What needs to be done >> Pictures are to be left out; every line from the one with "Τα διαθέσιμα κριτήρια" through the end of the data must be transcribed exactly.

[Stored data]
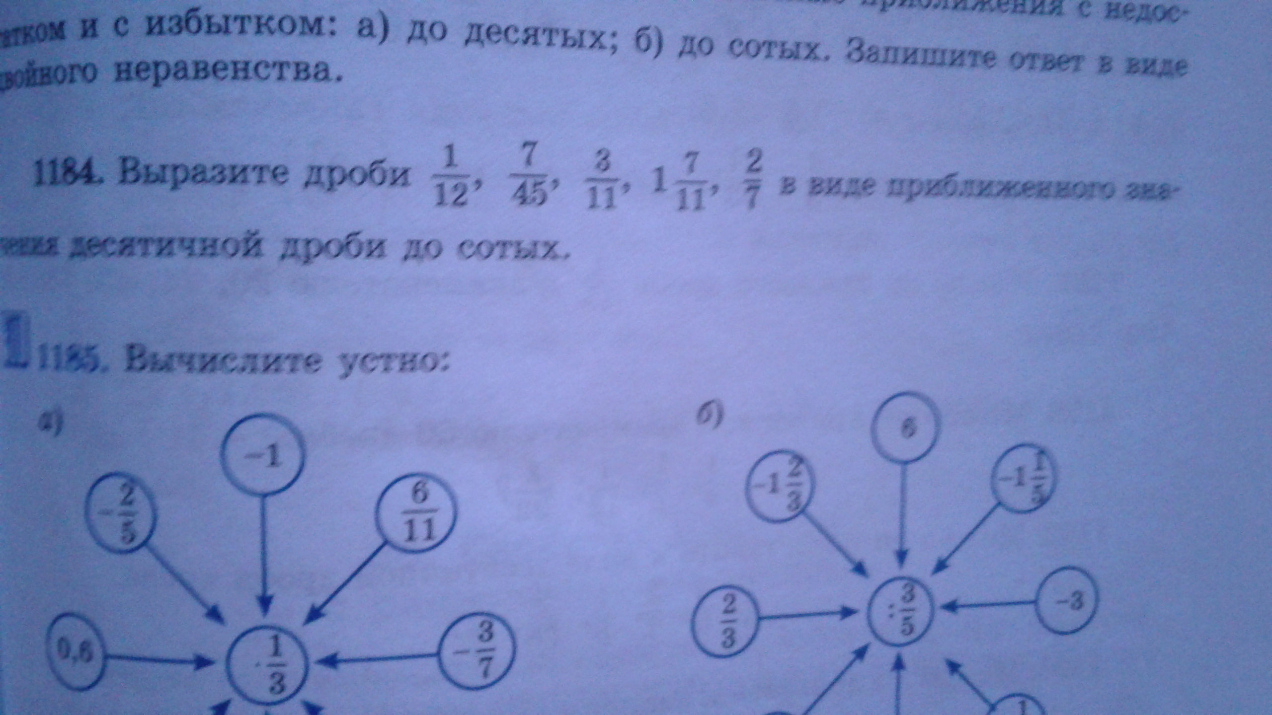 1/12 приближённо 0,1 ; 7/45 приближённо 0,2 ; 3/11 приближённо 0.3 ; 18/11 приближённо 1,6 ; 2/7 приближённо 0,3
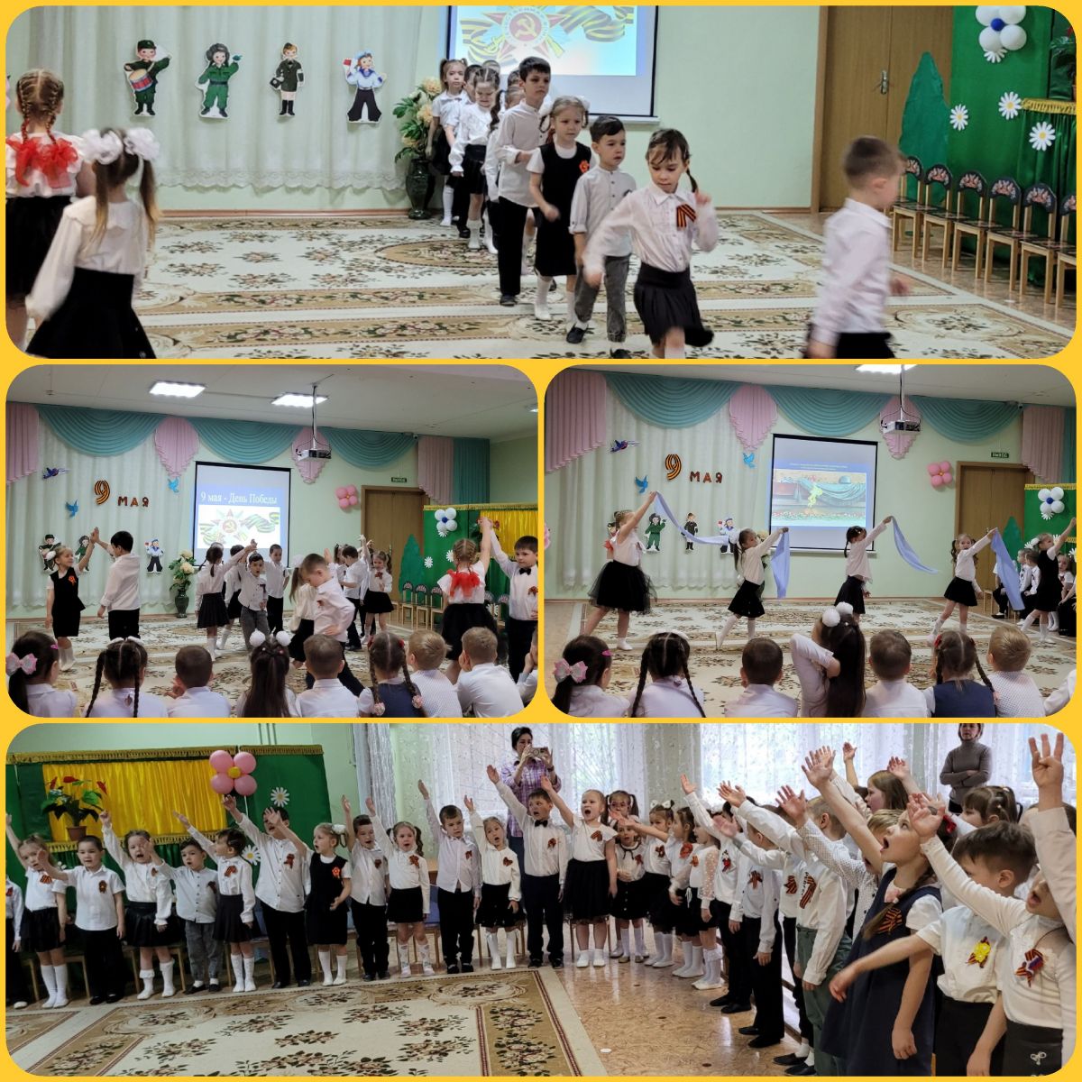 Мы устроили концерт, где дети представили свои номера - танцы, песни, стихи, посвященные Дню Победы. Показали видеоролики о том, как проходили бои на фронтах Великой Отечественной войны, и о подвигах советских солдат.
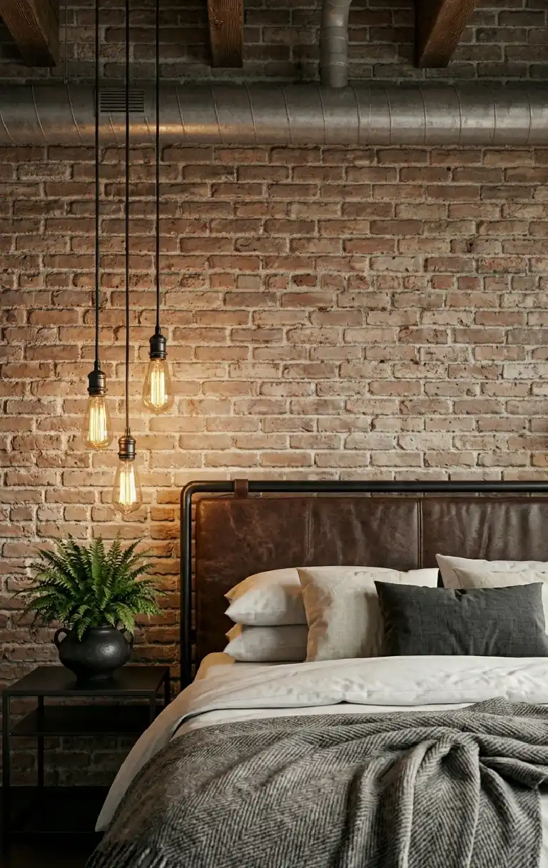 Luxury Dark Bedroom Idea Centered on Industrial Drop Pendants in an Industrial Bedroom Style
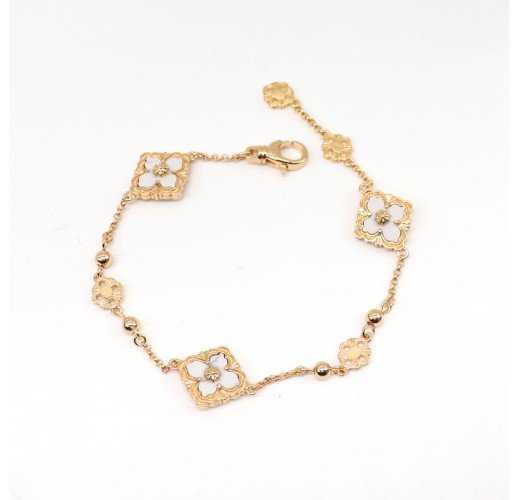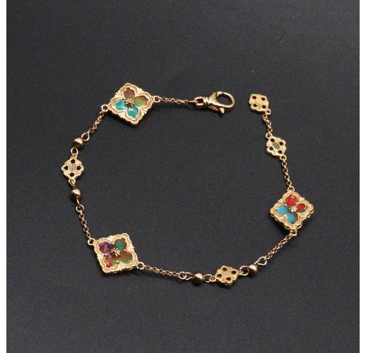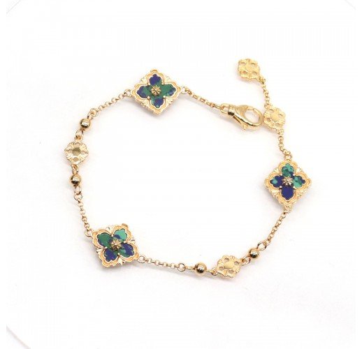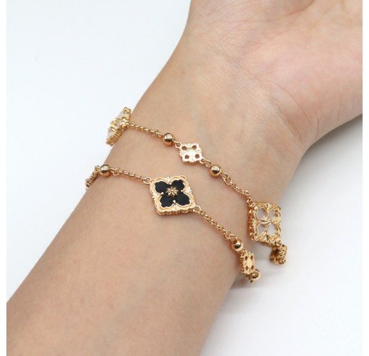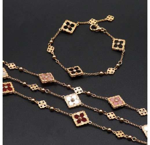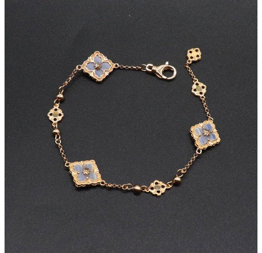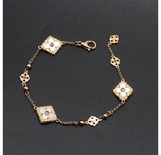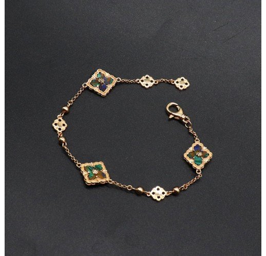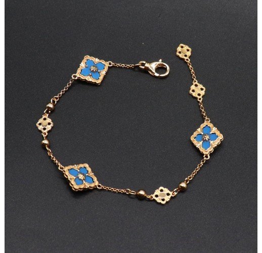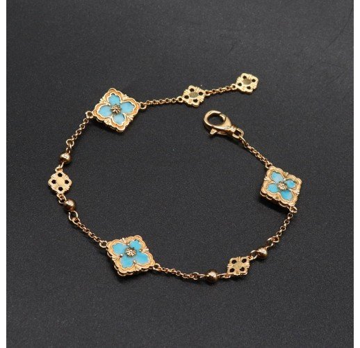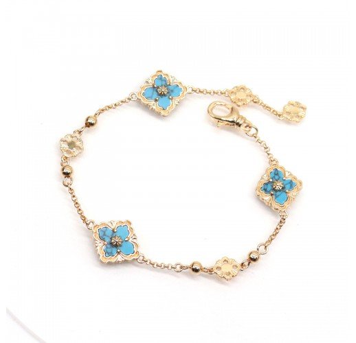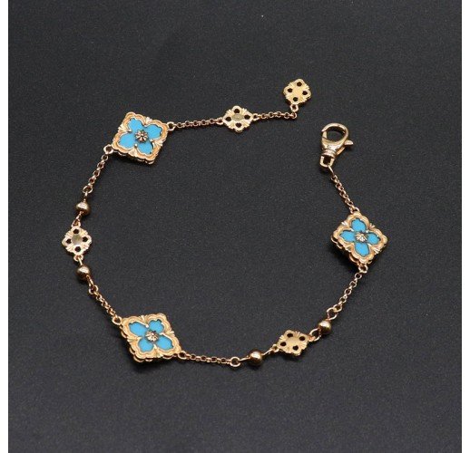 Setting: Diamond-set white shell, synthetic turquoise, etc.
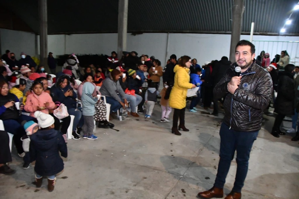 Personal del gobierno municipal realizó la entrega de ponche, tamales y aguinaldos, que llenaron de felicidad a las niñas y niños presentes.
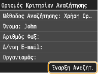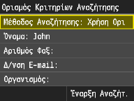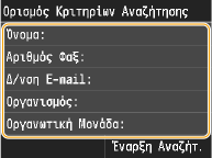 Τα διαθέσιμα κριτήρια για την αναζήτηση προορισμών είναι τα προσωπικά ονόματα, οι αριθμοί φαξ, οι διευθύνσεις e-mail, τα ονόματα οργανισμού και τα ονόματα τμημάτων. Μπορείτε να καθορίσετε ταυτόχρονα πολλά κριτήρια αναζήτησης.
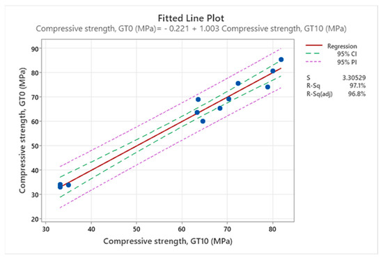 Fitted line plot showing regression analysis of compressive strength, for reference concrete against concrete made with 10% SGT.
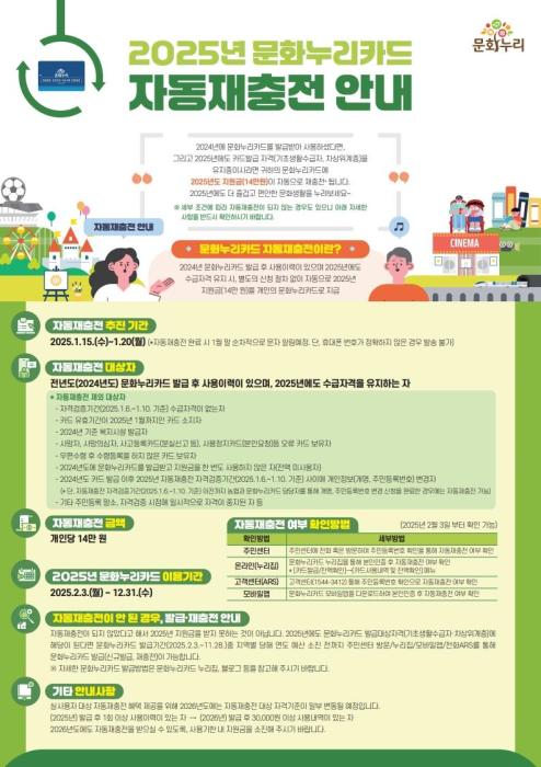 이번 문화누리카드 자동 재충전 대상은 2024년 발급 후 사용 이력이 있고, 2025년에도 자격을 유지하는 도민이 대상이다.
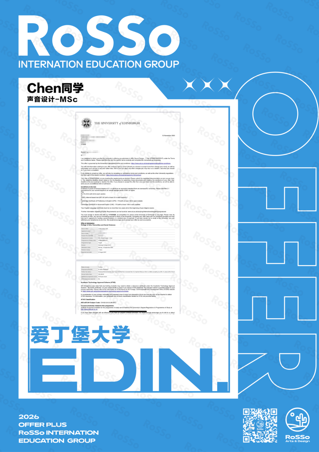 课程内容涵盖影视配乐、交互式音频、声音装置艺术等前沿领域,毕业生在电影、游戏、新媒体艺术等行业备受青睐。RoSSo Chen同学强势突围,成功拿下爱丁堡大学声音设计专业录取!

Expected answer >>
 Τα διαθέσιμα κριτήρια για την αναζήτηση προορισμών είναι τα προσωπικά ονόματα, οι αριθμοί φαξ, οι διευθύνσεις e-mail, τα ονόματα οργανισμού και τα ονόματα τμημάτων. Μπορείτε να καθορίσετε ταυτόχρονα πολλά κριτήρια αναζήτησης.
 Fitted line plot showing regression analysis of compressive strength, for reference concrete against concrete made with 10% SGT.
 이번 문화누리카드 자동 재충전 대상은 2024년 발급 후 사용 이력이 있고, 2025년에도 자격을 유지하는 도민이 대상이다.
 课程内容涵盖影视配乐、交互式音频、声音装置艺术等前沿领域,毕业生在电影、游戏、新媒体艺术等行业备受青睐。RoSSo Chen同学强势突围,成功拿下爱丁堡大学声音设计专业录取!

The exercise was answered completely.